**What needs to be done:**
Give again, exactly as written, the lines of the records below from the line with "US Robotics COURIER" to the line with "Amidst these technical". Both end lines count; pictures do not.

**Dataset content:**
BEGIN

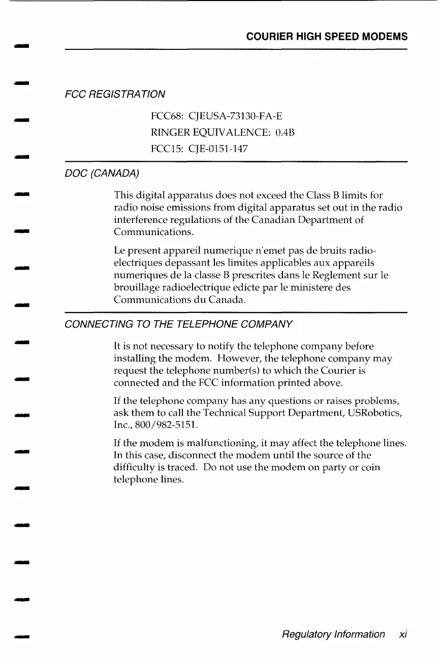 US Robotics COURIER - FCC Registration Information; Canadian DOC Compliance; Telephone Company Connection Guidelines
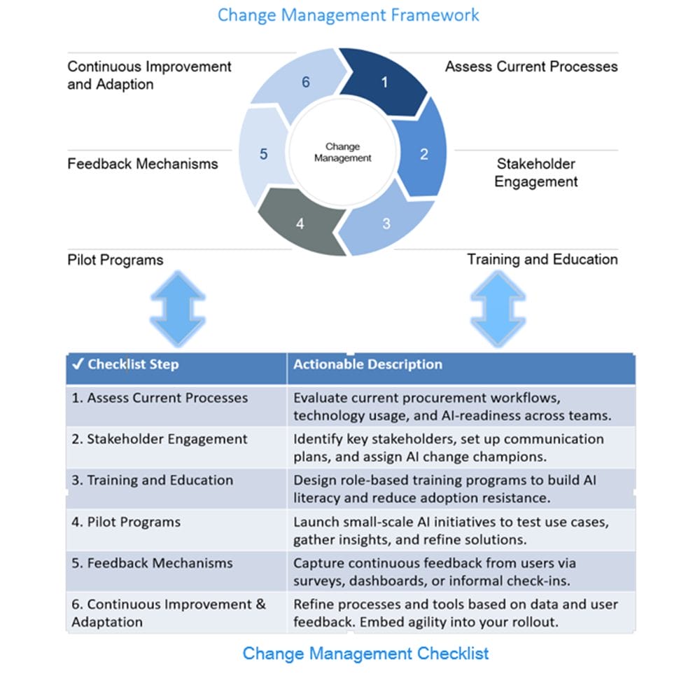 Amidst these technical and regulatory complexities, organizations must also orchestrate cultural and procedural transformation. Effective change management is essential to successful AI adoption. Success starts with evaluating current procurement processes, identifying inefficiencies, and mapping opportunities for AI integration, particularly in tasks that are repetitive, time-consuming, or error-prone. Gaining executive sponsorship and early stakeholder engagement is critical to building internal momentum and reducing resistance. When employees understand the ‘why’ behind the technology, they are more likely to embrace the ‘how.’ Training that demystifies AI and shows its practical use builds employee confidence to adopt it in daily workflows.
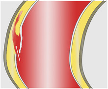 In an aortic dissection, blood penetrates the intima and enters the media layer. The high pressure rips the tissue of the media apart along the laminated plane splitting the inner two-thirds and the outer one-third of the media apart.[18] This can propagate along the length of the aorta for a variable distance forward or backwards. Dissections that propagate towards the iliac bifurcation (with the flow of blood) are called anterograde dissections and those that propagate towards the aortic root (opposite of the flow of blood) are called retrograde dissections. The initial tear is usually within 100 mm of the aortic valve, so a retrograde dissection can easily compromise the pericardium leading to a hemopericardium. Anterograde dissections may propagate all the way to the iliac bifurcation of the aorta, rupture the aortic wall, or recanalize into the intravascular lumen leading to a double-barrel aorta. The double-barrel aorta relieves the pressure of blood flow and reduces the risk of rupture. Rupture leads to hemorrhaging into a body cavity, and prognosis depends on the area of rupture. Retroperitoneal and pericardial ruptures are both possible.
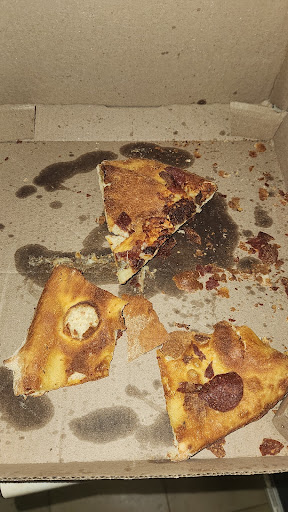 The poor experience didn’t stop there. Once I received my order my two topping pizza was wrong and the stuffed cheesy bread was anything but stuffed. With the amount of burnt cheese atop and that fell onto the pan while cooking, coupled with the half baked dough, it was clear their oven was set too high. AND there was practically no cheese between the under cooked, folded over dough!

END
BEGIN

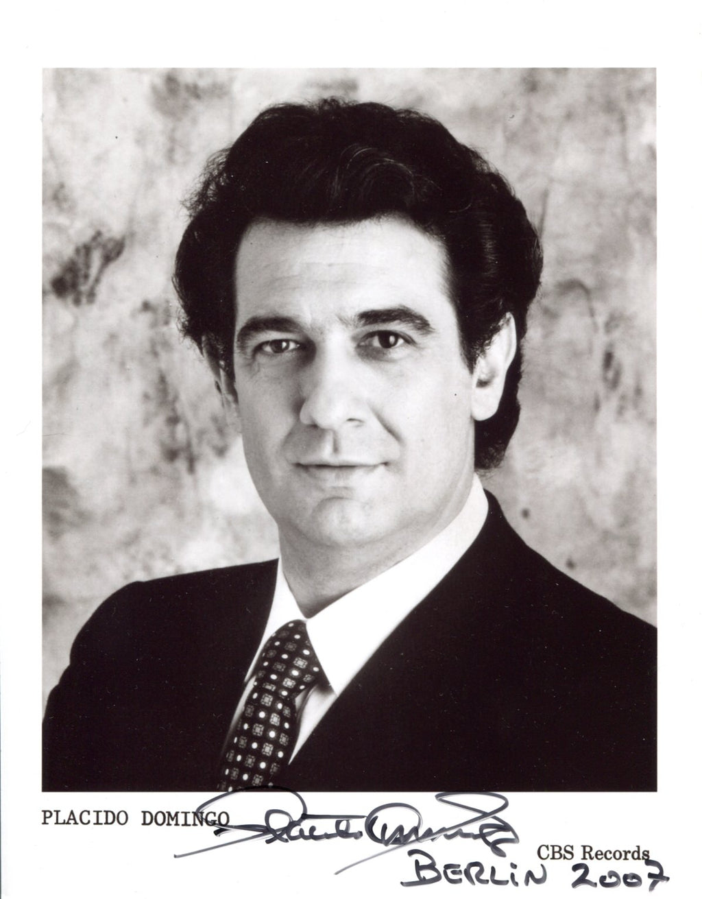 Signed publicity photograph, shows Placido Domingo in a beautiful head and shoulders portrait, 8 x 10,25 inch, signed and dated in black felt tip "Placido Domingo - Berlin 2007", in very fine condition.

END

**Reply:**
 US Robotics COURIER - FCC Registration Information; Canadian DOC Compliance; Telephone Company Connection Guidelines
 Amidst these technical and regulatory complexities, organizations must also orchestrate cultural and procedural transformation. Effective change management is essential to successful AI adoption. Success starts with evaluating current procurement processes, identifying inefficiencies, and mapping opportunities for AI integration, particularly in tasks that are repetitive, time-consuming, or error-prone. Gaining executive sponsorship and early stakeholder engagement is critical to building internal momentum and reducing resistance. When employees understand the ‘why’ behind the technology, they are more likely to embrace the ‘how.’ Training that demystifies AI and shows its practical use builds employee confidence to adopt it in daily workflows.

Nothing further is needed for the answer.